「ケアレスミスが劇的に減る」ノート術。小さな凡ミスでのもったいない失敗が本当になくなった!

「ミスらんノート」で勉強してみた01

「毎回気をつけているつもりなのに、小さなミスがなくならない……」
「注意していたはずなのに、試験でまたうっかりミスをしてしまった......」
このように、勉強でのケアレスミスをなかなか克服できずに悩んでいませんか? 試験本番でこれをやってしまうと、命とりになりかねませんよね。

ケアレスミスを絶対に減らしたい人へおすすめなのが、日々の勉強や試験本番で活用できる「ミスらんノート」。付箋を使ってつくるこのノートの効果を、筆者の実践談もふまえてご紹介します。

小さなミスを徹底的に洗い出す「ミスらんノート」

「ミスらんノート」は、東京大学大学院教育学研究科修了、株式会社プラスティー教育研究所代表取締役の清水章弘氏によって提唱されたメソッドです。「自分のミスを書く欄」と「ミスらないためのリスト」を意図して名づけられました。

ミスらんノートでは、ノートの見開き左右のページを使います。まずは左ページについて。問題演習でしてしまった小さなミスを付箋に書き出し、ノートの見開き左側のページ(あるいは表紙の裏ページ)に貼ります

たとえば、英語を勉強している場面について想像してみてください。

  • 「umbrella」のスペルの “m” と “n” を間違えない
  • 和文英訳の問題では、一文の終わりにピリオドを忘れない
  • 動詞「enjoy」のうしろは動名詞で、to不定詞ではない

こうした、自分がついしてしまいがちなもったいないミスを、付箋へ具体的にメモしていきます。清水氏によれば、見直すべき優先度が高いミスは目立つ色の付箋に書いたり、メモした横に☆マークをつけてみたりといった工夫をするとよいとのこと。そしてミスをしないようになればその付箋を剥がし、新たに見つけたミスを書いた付箋へ貼り替えていくのです。

そして、付箋を貼っていない右側のページは、メモとして活用します。たとえば「このミスは問題集の〇〇ページにあったもの」「単語帳をもう一回確認する」といったように、自由に書き込んでいきましょう。

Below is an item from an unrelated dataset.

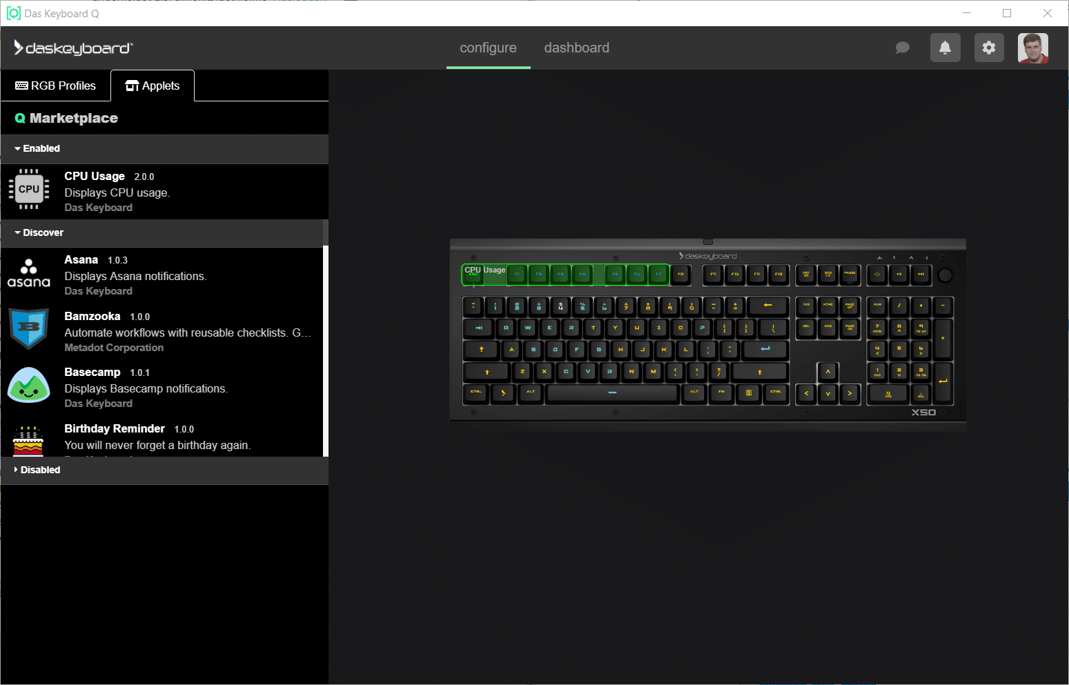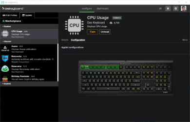 Die Software, welche sich Das Keyboard Q nennt, zeigt dabei grafisch die Tastatur an. Geht man mit dem Mauszeiger über die bereits belegten Tasten, erscheinen kleine Infofenster, die über das jeweilige Applet informieren. Diese können aus der Software-Bibliothek heraus installiert werden. Wir haben nicht gezählt, aber wir konnten eine Weile scrollen, was heißt: es stehen sehr viele Applets zur Auswahl, auch populäre wie GitHub, Twitch oder Trello.

ミスらんノートが完成したら、勉強するたび、ノートを開くたびに付箋を貼ったページをチェックするようにしてください。ここまでが、ミスらんノートの使い方です。

「ミスらんノート」で勉強してみた02

「ミスらんノート」が役に立つ理由

株式会社プラスティー教育研究所の調査によると、勉強でミスらんノートを実践した学生のうち、なんと96.5%がその効果を実感しているそう。では、具体的にどういう効果なのでしょうか。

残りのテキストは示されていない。